First up is the question of the Israeli offensive in Lebanon that could scupper the talks even before they begin. The intense attacks on Iran-backed Hezbollah fighters there suggested Israel was taking advantage of a lull in operations over Iran. Tehran insisted that the attacks were a breach of the ceasefire and used them to justify closing the Strait of Hormuz. Washington insisted that Lebanon was not included in the deal. Vance tried to ease the situation by insisting that Iran had fallen prey to a good-faith misunderstanding about the scope of the ceasefire.

But it’s a poor reflection on the nascent diplomatic process when one side is unaware of a critical part of a ceasefire. The disconnect also reflects the lack of any formal agreement bolstering the truce. And the Israeli implication that the Lebanon war is separate from the one with Iran is a nonstarter in Tehran. More than 100 strikes on Wednesday that killed at least 182 people targeted Hezbollah — a proxy critical to Iran’s regional power base.

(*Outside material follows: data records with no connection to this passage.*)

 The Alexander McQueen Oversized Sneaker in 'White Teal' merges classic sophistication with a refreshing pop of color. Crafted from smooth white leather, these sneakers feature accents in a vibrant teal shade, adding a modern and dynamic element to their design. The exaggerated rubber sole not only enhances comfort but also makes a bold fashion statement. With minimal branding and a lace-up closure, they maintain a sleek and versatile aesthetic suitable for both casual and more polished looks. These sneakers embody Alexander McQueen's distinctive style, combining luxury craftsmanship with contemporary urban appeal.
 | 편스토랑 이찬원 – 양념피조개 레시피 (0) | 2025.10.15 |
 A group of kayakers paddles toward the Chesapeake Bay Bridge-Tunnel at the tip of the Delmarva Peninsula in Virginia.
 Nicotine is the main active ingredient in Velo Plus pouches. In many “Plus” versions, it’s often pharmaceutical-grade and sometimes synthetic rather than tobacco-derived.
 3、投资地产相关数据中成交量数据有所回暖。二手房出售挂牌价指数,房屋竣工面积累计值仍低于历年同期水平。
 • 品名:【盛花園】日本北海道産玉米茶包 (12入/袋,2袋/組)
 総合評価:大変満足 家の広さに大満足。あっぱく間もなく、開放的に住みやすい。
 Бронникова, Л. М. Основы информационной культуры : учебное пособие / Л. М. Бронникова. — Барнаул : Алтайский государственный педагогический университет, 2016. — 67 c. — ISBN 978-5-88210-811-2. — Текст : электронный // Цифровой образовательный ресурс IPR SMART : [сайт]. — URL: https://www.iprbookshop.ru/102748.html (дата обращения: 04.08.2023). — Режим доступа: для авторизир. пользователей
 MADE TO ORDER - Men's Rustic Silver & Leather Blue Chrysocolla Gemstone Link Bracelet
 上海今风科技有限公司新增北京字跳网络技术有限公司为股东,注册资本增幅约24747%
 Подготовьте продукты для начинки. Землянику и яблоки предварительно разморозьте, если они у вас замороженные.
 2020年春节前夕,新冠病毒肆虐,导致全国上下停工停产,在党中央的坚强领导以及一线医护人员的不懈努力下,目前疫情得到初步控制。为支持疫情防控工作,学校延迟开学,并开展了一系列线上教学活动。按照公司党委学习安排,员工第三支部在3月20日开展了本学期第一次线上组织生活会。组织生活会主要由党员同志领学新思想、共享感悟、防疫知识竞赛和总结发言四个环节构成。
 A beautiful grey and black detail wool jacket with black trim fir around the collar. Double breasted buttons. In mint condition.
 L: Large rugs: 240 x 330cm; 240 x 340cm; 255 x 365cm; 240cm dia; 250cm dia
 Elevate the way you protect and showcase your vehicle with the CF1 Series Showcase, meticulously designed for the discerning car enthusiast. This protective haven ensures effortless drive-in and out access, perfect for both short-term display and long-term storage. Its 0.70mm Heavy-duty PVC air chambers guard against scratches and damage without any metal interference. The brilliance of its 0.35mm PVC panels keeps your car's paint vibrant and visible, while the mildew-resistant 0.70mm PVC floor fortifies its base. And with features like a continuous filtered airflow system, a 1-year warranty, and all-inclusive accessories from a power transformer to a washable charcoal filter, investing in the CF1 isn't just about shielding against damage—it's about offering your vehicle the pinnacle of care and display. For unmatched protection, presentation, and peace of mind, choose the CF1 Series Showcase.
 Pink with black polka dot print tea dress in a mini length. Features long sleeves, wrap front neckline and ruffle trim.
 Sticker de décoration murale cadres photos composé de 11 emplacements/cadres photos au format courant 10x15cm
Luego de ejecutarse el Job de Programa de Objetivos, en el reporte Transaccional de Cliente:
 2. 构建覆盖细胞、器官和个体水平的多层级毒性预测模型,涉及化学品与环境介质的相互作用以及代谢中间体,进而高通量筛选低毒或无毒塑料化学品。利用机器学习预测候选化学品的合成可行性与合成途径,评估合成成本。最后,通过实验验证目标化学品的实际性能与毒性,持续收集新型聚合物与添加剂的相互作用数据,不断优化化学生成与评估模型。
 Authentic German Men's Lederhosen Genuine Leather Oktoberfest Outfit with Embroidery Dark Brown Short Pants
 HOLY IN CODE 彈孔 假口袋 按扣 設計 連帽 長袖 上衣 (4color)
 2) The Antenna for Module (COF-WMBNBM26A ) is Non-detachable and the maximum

Such treacherous regional dynamics explain fears the ceasefire won’t endure until the weekend.
If the meeting does happen, it’s likely to be only the start of a tortuous process that will test the skill and staying power of Trump and his team.
Negotiations with Iran are typically exhausting and prolonged. The Islamic Republic, in this case, seems to have a strong hand with its control over the Strait of Hormuz — a card it can use to hold the global economy hostage. It can also use this new leverage as a cash cow to impose levies on tankers; as a cudgel to punish the US in negotiations; or as a carrot to secure the lifting of US sanctions.
This is a far more complex suite of issues than those encountered in the Obama administration’s successful push for a nuclear deal with Tehran. That process took 18 months. There’s been no sign across Trump’s two terms that he has anywhere near that kind of patience. The habitual assumptions of a real estate magnate president that Iran, like most adversaries, is just itching to make a deal may also be a misjudgment of his deeply ideological opponents.
“There is a zero likelihood that you’re going to go into Pakistan for a couple of days and come out with an agreement,” said Brett McGurk, a former senior US national security official who is now a CNN global affairs analyst.
Speaking with CNN’s Kasie Hunt, McGurk advised slowing the process because, without pre-cooked diplomatic agreements, there could be a “breakdown.”
Prospects for success are even more elusive given the altered political conditions caused by the deaths of many top Iranian leaders in the war, including Ayatollah Ali Khamenei. Surviving officials, who’ve absorbed the full might of the US and Israeli militaries for over a month, may conclude they have the upper hand.
While the war was raging, many observers struggled to see how Trump could navigate out of a geopolitical corner he’d made for himself. But there’s no sign his dilemma will eased by pursing an alternative diplomatic track.